# Shipping question



## Kalne (Oct 25, 2007)

Can I safely mail soap in a flat rate envelope? It looks like I can fit 8 bars in but I'd want to reinforce the top with tape. I know some POs balk at that but I *think* mine will take it. Anybody ship like that?


----------



## Amanda Lee (Aug 20, 2008)

Use only a small amount of tape and call your local USPS to make sure.

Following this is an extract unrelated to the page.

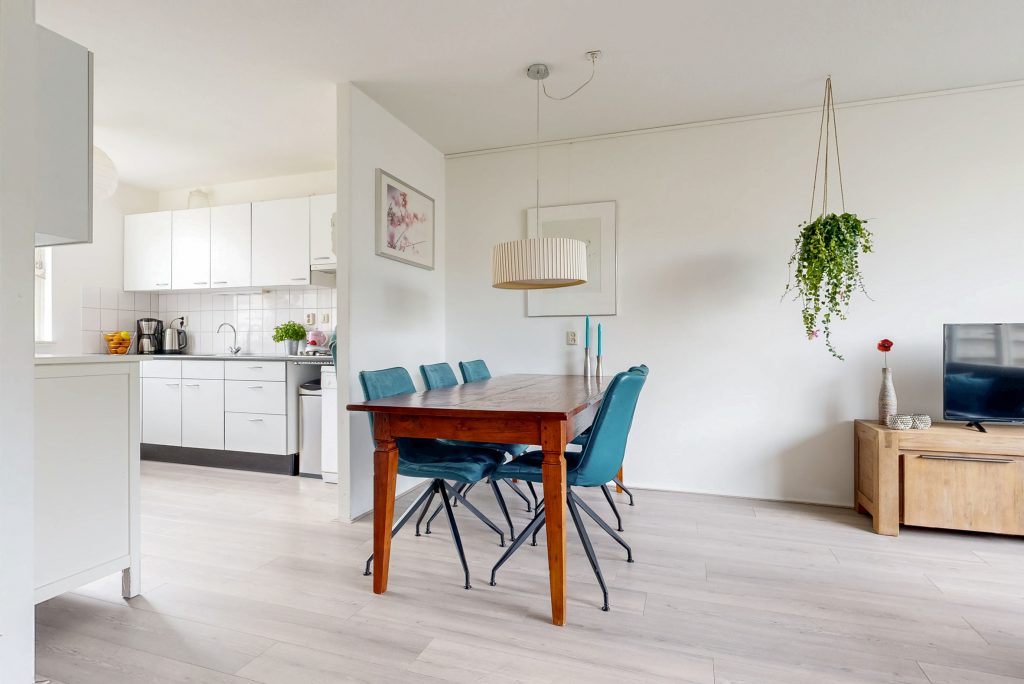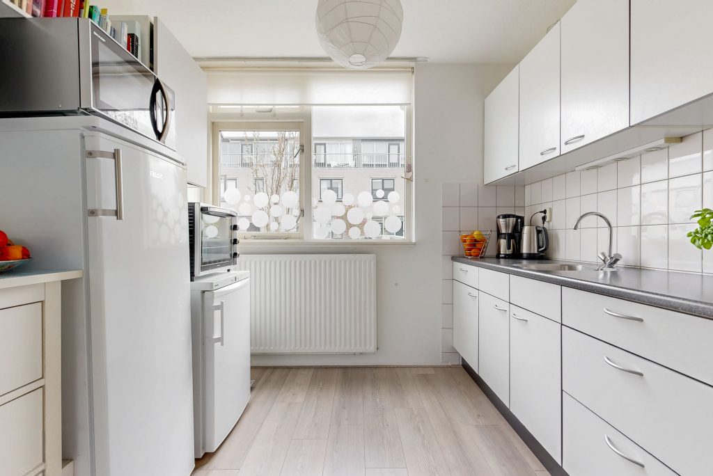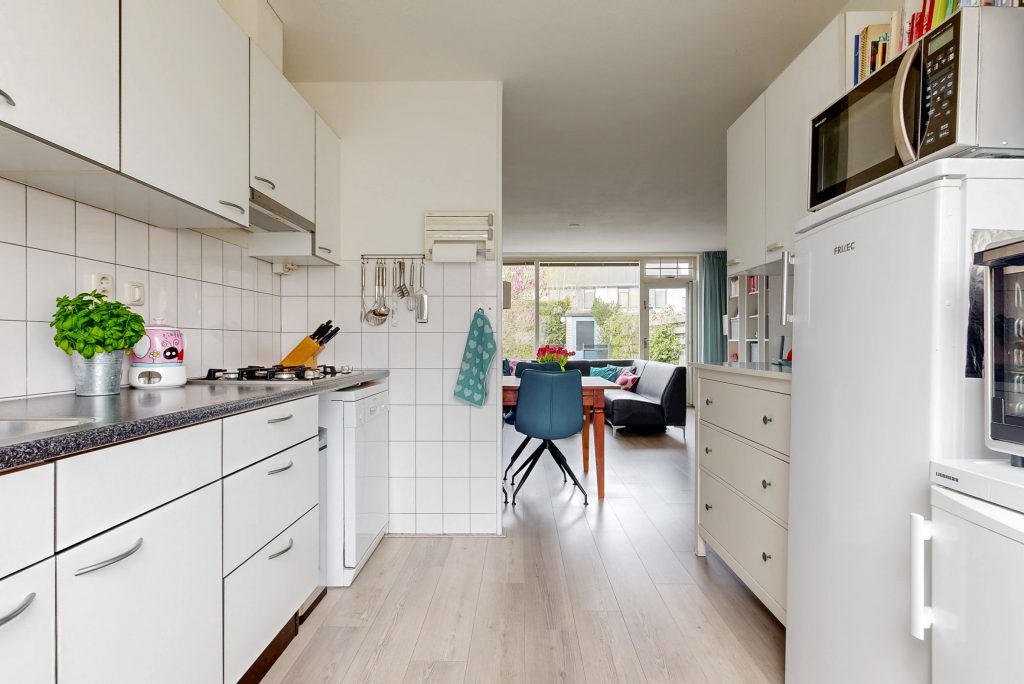 Aan de voorzijde van de woning ligt de keuken. Deze is voorzien van alle benodigde apparatuur en kijkt uit op de voortuin en rustige straat. De opstelling is praktisch en sluit goed aan bij het dagelijks gebruik.

The envelopes usually have good adhesive.

Amanda Lee


----------



## Guest (Nov 10, 2008)

I have sent soap in Flat Rate envelopes (to friends not customers). However, it's only ever been 3-4 bars max. I would send your order in a Flat Rate box and not take the risk of an envelope. And yes... I used lots of tape. Not sure why you wouldn't. 

Sara


----------



## Sondra (Oct 25, 2007)

I use only boxes for soap


----------



## Kalne (Oct 25, 2007)

Okay, thanks. I'm going to see how 6 bars fit. I think the top will close much better with that amount. I have a customer asking for as much as I can fit in a flat rate envelope.


----------



## Guest (Nov 10, 2008)

I would be concerned that they would get banged up. I would make your customer aware of this when quoting her the price for a USPS Flat Rate Envelope.

Sara


----------



## Bilrite Farms (Oct 26, 2007)

My local Postmaster told me that the flat rate envelope must close naturally for whatever is in there.
I have gotten soap in a flat rate envelope, but it was the sliced bars not the big rectangular bars
that some here make. 

I usually figure that the flat rate boxes are the best deal for soap purchases. The envelopes would
be more for just getting a sample bar or two.

Trisha


----------



## NubianSoaps.com (Oct 26, 2007)

I ship 3 bars in flat rate envelopes. It's the cheapest shipping I can offer for those who want to try 1 to 3 bars. Vicki


----------



## DostThouHaveMilk (Oct 25, 2007)

We ship in Flat Rate Envelopes, if it will fit. No more than 6 of my bars (which are half the size of most people's bars). Dad uses flute in it to stiffen it up and keep the soap safe. Ditto what Trisha's post master said.
My customers have said the bars arrive safe and sound.


----------



## Kalne (Oct 25, 2007)

Okay, I tried again and 6 fit well enough so the flap closes fine. I did tell the cust. there was a chance they could get dinged up in transit as I didn't think there was room for any sort of padding. My bars are not a big as the MM bars. What is 'flute'?


----------



## Sondra (Oct 25, 2007)

I am guessing it is a fluted plastic.


----------



## DostThouHaveMilk (Oct 25, 2007)

Flute is thick cardboard used for shipping.
Dad has it on hand for shipping books.


----------